The race is on to be the first to reach a Final Investment Decision (FID) for the next round of U.S. liquefaction/LNG export terminals along the Gulf Coast. And like the Kentucky Derby, being first — or, at worst, second or third — is a do-or-die proposition, because only a very small number of these projects are likely to line up the multibillion-dollar commitments needed to push them over the FID line. The tried-and-true approach of LNG project financing has been to secure a stack of long-term Sales and Purchase Agreements (SPAs) from international LNG trading companies or huge overseas utilities, and that’s the tack being taken by Venture Global LNG, which is developing two projects near the Louisiana coast that, if built, would consume a total of nearly 4 Bcf/d of U.S. natural gas. Today, we continue our series on the next round of liquefaction/LNG export terminals “coming up” with a look at Venture Global’s Calcasieu Pass and Plaquemines projects.

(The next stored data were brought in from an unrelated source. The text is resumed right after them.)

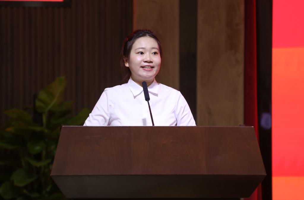 九州(中国)统计学院研究生杜思颖作为参赛学生代表发言。她用“感谢”“过程”“收获”三个词分享了参赛的感受与收获。她说,在比赛过程中学会了用统计思维去看待问题、解决问题,比赛给予了参赛选手新思路,将知识与实践结合,把一切复杂的问题简单化,让判断变得有理有据。
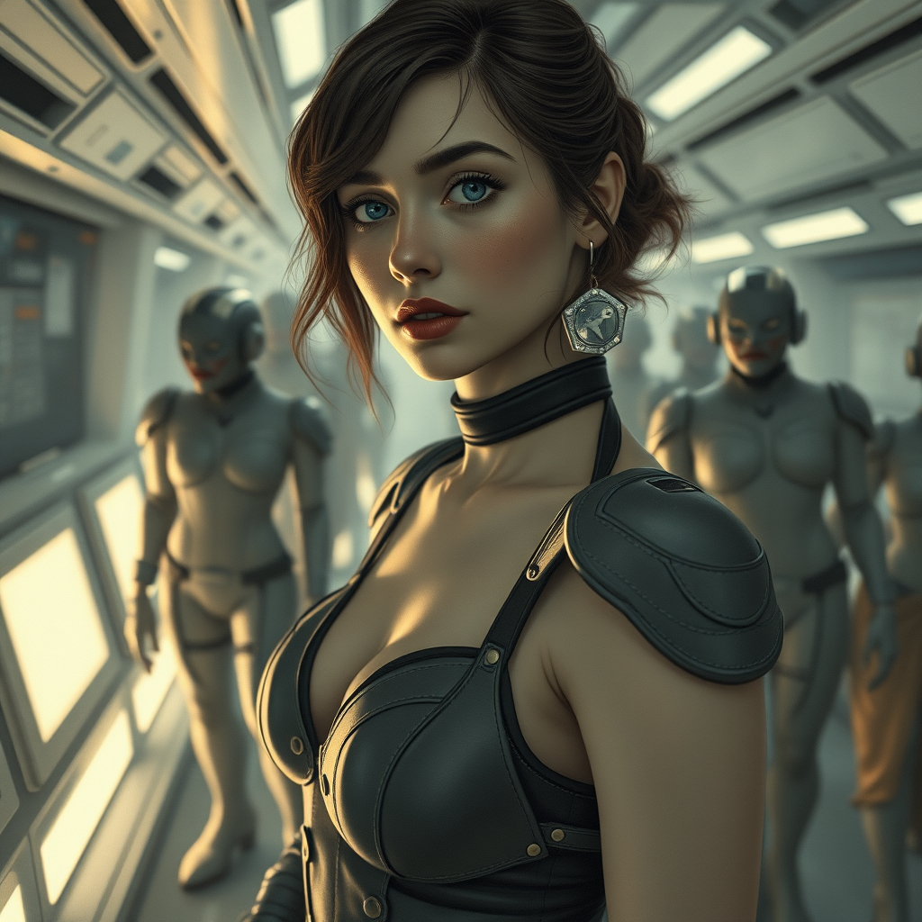 Three-quarter close-up portrait of a single woman in a city with a mysterious atmosphere, amid a zombie outbreak among identical clones. Her appearance reflects a blend of futuristic and romantic 1920s styles, wearing The Armor of Blood. She stands in a space station classroom that exudes a Provence interior charm. Her look is a fusion of characters, slightly reminiscent of a motorbiker with a hint of Ironman influence. Despite the soft lighting, the scene carries an eerie undertone, with subtle elements of disarray—a soft blur in the background and slightly exaggerated features. The composition includes shoes with pointed heels, evoking a slightly surrealist feel. The portrayal is reminiscent of an old photograph, merging multiple artistic styles, including illustrations and sketches. Subtle touches like two navels lend an intriguing and puzzling twist, capturing an uncanny essence within a traditional format.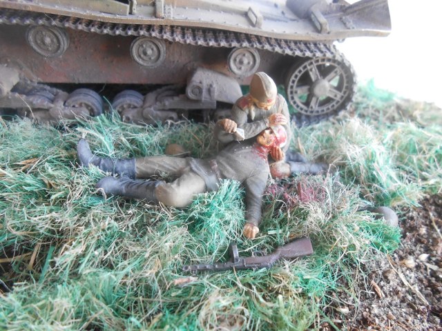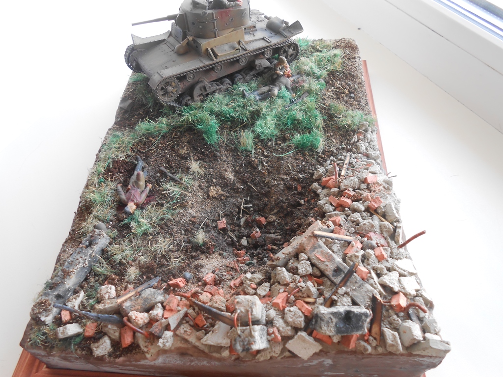 Доброго времени суток. Представляю на ваш суд диораму изготовленную к 9 Мая, на горнизонную выставку. Сюжет не особо праздничный - подбитый танк, погибший член экипажа и боец с десанта, тяжело раненый офицер умирающий на руках медсестры и передающий ей письмо семье. Сюжет из головы. Исторической привязки не имеет. Один из возможных эпизодов войны.

This is the third episode. In Part 1, we reviewed the dramatic shift in U.S. expectations regarding LNG a few years back. Through the 1990s and the first two-thirds of the 2000s, U.S. natural gas production was close to flat, so the general thinking was that U.S. gas output had peaked, and that over time, increasing amounts of LNG would need to be imported to keep pace with gas demand. In 2005, the Energy Information Administration (EIA) estimated that the U.S. would be importing the LNG equivalent of nearly 12 Bcf/d by 2015 and 18 Bcf/d by 2025, and a number of LNG import terminals were built to handle the expected inflow. It became clear by 2010-11, however, that the Shale Revolution — and the resulting boom in U.S. gas production — had eliminated the need for LNG imports. In a flash, many of the companies that had just finished building LNG import terminals started exploring the possibility of adding liquefaction plants at those sites to export LNG instead. Since then, six liquefaction/LNG export projects advanced to FID and construction — Cheniere Energy’s Sabine Pass and Corpus Christi, Dominion’s Cove Point, Cameron LNG, Freeport LNG and Elba Liquefaction — and five liquefaction trains (four at Sabine Pass in southwestern Louisiana and one Cove Point in Maryland) with a combined capacity of more than 23 million tonnes per annum (MMtpa) are up and running. (We track the status of LNG projects with FIDs in RBN’s new LNG Voyager Report — click here for more information.)
In Part 2, we did a deep dive on Tellurian’s Driftwood LNG, a 27.6-MMtpa liquefaction/LNG export terminal planned for an 800-acre site in Louisiana’s Calcasieu Parish, south of Lake Charles (aqua diamond in Figure 1). Several aspects of Tellurian’s project bear repeating here. One is that, in contrast to the large-scale liquefaction trains now operating at Sabine Pass and Cove Point and under construction along the Gulf Coast (generally with capacities of 4 MMtpa or more each), Driftwood LNG will consist of as many as 20 much smaller, modular-based trains (1.38 MMtpa each). Also, Tellurian is acquiring natural gas reserves that will be tapped to produce gas for the LNG project, and it is developing two 2-Bcf/d long-haul pipelines (Permian Global Access Pipeline, or PGAP, and Haynesville Global Access Pipeline, or HGAP) — and a 96-mile, 4-Bcf/d connector called Driftwood Pipeline — to deliver most of the natural gas that the Driftwood trains will demand. Most important, perhaps (and most relevant to today’s discussion of the Venture Global LNG projects), is that to help finance its project Tellurian is seeking a handful of customer/partners that would take a combined 60% to 75% equity interest in Driftwood Holdings, which consists of Tellurian Production Co. (a gas producer), Driftwood Pipeline Network (the pipelines discussed above) and Driftwood LNG Terminal (the liquefaction trains and export docks). Those stakes — at an estimated cost of about $1.5 billion per MMtpa of liquefaction capacity — would give the customer/partners equity LNG at the tailgate of the liquefaction trains at cost, with the variable and operating costs estimated to be about $3.00/MMBtu FOB (free on board — that is, with the LNG owner responsible for shipping the LNG to its destination). Tellurian will retain the remaining 25% to 40% equity interest in Driftwood Holdings, and will market its share of LNG production on its own. It also will manage and operate the pipelines, liquefaction trains and export docks.